## WORK TO COMPLETE
Wherever a picture appears in the listing below, leave it out and reproduce the rest exactly.

- Opening Delimiter -

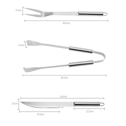 Premium barbecue camping cooking utensils, includes knife, tongs, serving fork. Featuring heat proof handles for easy usage.
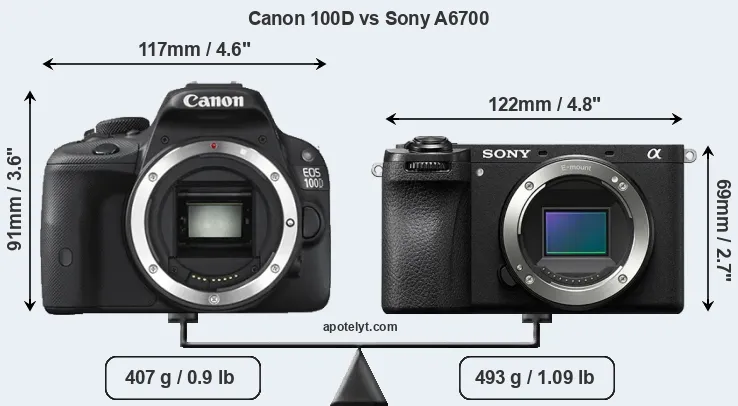 La dimensione fisica e il peso della Canon 100D e Sony A6700 sono illustrate nel grafico sottostante. Le due fotocamere vengono visualizzate in base alle loro dimensioni relative. Tutte le dimensioni sono arrotondate al millimetro più vicino.
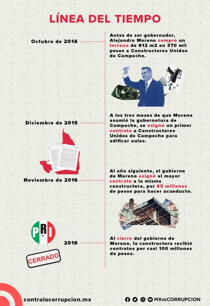 En octubre de 2014, once meses antes de que Alejandro Moreno ganara las elecciones y consiguiera ser gobernador de la entidad del sureste, adquirió por 370 mil pesos un terreno de 812 metros cuadrados con la empresa Constructores Unidos de Campeche SA de CV.
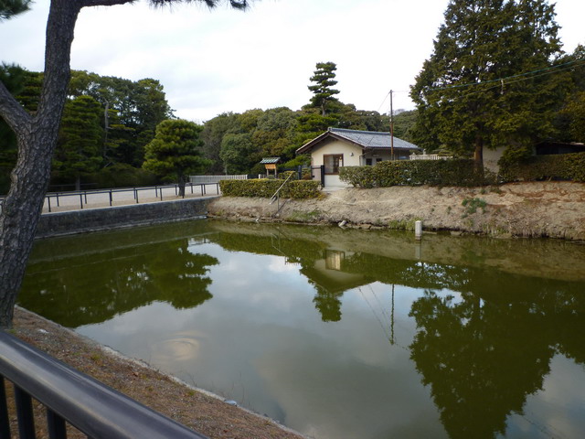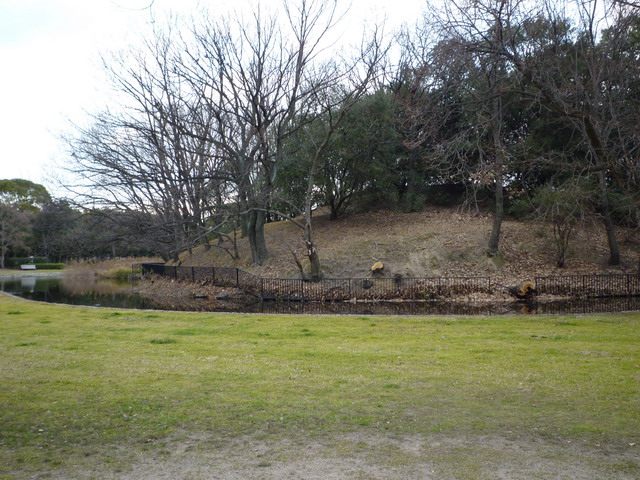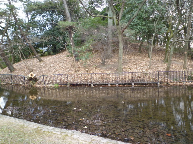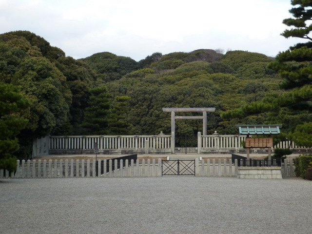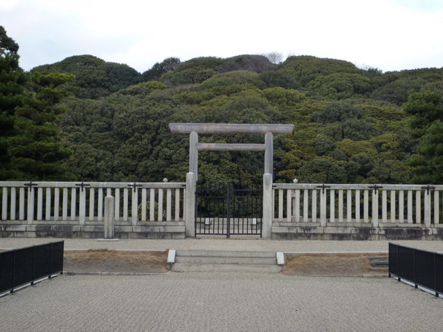 柵欄後面就是第二層壕溝,鳥居後面是第三重壕溝。壕溝後面種滿樹的山丘就是陵墓。
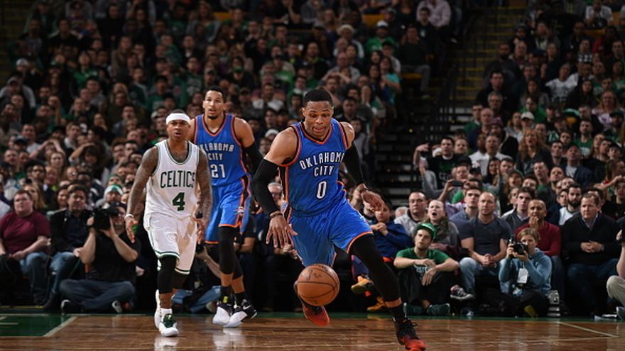 Westbrook siguió siendo el "Rey" de los "triple-dobles" al totalizar 45 puntos, 11 rebotes y 11 asistencias, para guiar a los Oklahoma City Thunder en una victoria de 117-112 sobre los anfitriones Boston Celtics.
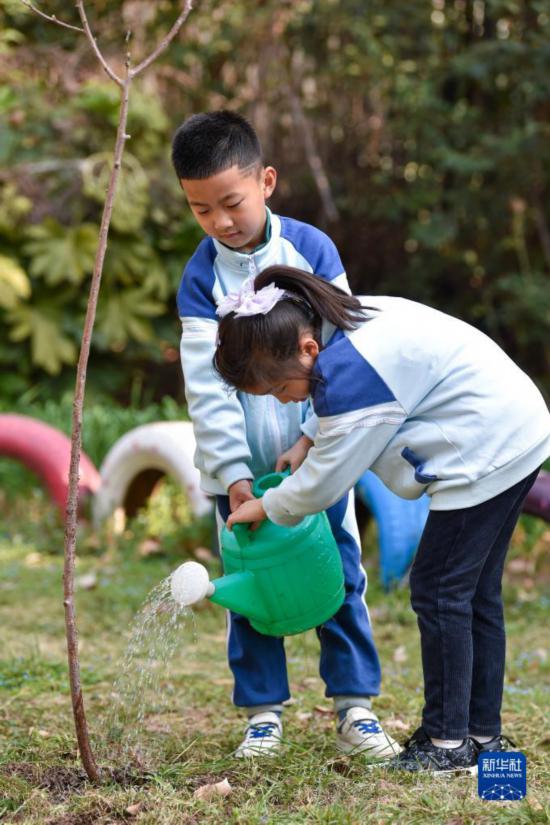 3月11日,在江蘇南京建鄴區(qū)金地名京幼兒園,小朋友給樹苗澆水。

- Closing Delimiter -

## WRITTEN SOLUTION
 Premium barbecue camping cooking utensils, includes knife, tongs, serving fork. Featuring heat proof handles for easy usage.
 La dimensione fisica e il peso della Canon 100D e Sony A6700 sono illustrate nel grafico sottostante. Le due fotocamere vengono visualizzate in base alle loro dimensioni relative. Tutte le dimensioni sono arrotondate al millimetro più vicino.
 En octubre de 2014, once meses antes de que Alejandro Moreno ganara las elecciones y consiguiera ser gobernador de la entidad del sureste, adquirió por 370 mil pesos un terreno de 812 metros cuadrados con la empresa Constructores Unidos de Campeche SA de CV.
 柵欄後面就是第二層壕溝,鳥居後面是第三重壕溝。壕溝後面種滿樹的山丘就是陵墓。
 Westbrook siguió siendo el "Rey" de los "triple-dobles" al totalizar 45 puntos, 11 rebotes y 11 asistencias, para guiar a los Oklahoma City Thunder en una victoria de 117-112 sobre los anfitriones Boston Celtics.
 3月11日,在江蘇南京建鄴區(qū)金地名京幼兒園,小朋友給樹苗澆水。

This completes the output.